Postoperative recovery periods vary

CABG survival rate is higher than PCI

According to a research report titled “The Synergy between PCI with Taxus and Cardiac Surgery (SYNTAX)” trial published in the British medical journal “The Lancet” in 2019, Compared with PCI, CABG has a lower 10-year mortality rate.

PCI is a minimally invasive surgery and the patient was discharged within two days

Another study published in the Lancet medical journal in 2018 on the 5-year mortality rate of diabetic patients undergoing CABG also pointed out that compared with PCI, CABG can help reduce mortality; diabetic patients with For patients with low cardiac function, CABG treatment has a higher survival rate than PCI in the long run.

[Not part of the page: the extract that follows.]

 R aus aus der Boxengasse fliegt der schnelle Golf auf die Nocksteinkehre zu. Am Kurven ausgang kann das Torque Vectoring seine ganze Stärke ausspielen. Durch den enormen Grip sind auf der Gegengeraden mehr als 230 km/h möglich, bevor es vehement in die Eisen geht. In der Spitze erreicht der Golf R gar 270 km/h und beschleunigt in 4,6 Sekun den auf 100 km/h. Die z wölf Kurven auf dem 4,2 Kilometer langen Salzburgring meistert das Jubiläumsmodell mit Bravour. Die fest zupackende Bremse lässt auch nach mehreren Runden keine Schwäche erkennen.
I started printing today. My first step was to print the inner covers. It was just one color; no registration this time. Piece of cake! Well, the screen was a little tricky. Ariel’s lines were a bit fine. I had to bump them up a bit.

PCI and CABG have different recovery periods after surgery. Because the former is a minimally invasive surgery, you only need to stay in the hospital for one to two days before being discharged. You can return home to recuperate for a few days before returning to life; CABG is For open surgery, the patient usually has to stay in the hospital for at least a week and recover for about a month before returning to normal. During this period, do not move or pull heavy objects; it will take 3 months to fully recover.

Both treatment options have their own advantages and disadvantages, but it is worth mentioning that the risk probability before, during and after surgery is 1%, but the occurrence of these medical accidents is very rare.

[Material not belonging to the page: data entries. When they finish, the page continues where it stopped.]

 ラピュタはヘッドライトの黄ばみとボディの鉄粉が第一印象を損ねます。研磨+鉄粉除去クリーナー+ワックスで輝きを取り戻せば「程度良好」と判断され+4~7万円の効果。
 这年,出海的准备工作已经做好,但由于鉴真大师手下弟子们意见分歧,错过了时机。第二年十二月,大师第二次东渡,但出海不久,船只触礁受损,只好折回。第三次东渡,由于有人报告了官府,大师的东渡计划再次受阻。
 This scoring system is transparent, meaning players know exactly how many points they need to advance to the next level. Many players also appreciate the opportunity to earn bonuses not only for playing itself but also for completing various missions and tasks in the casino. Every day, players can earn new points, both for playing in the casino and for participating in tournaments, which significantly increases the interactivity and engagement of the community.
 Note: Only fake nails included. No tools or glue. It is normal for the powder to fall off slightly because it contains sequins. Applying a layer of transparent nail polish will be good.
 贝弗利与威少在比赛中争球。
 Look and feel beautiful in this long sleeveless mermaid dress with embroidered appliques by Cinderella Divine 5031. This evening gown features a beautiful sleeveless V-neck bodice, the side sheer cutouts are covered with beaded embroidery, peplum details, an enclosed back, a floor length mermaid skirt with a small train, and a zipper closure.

Although the medical effects of the two surgeries are considerable, Chen Guoming would like to advise everyone to still take care of their bodies and adjust their living and eating habits, such as controlling the intake of alcoholic beverages, quitting smoking, and doing exercise. In addition, follow the doctor’s instructions carefully, take medicine on time, and control the three highs, so as to reduce the chance of recurrence.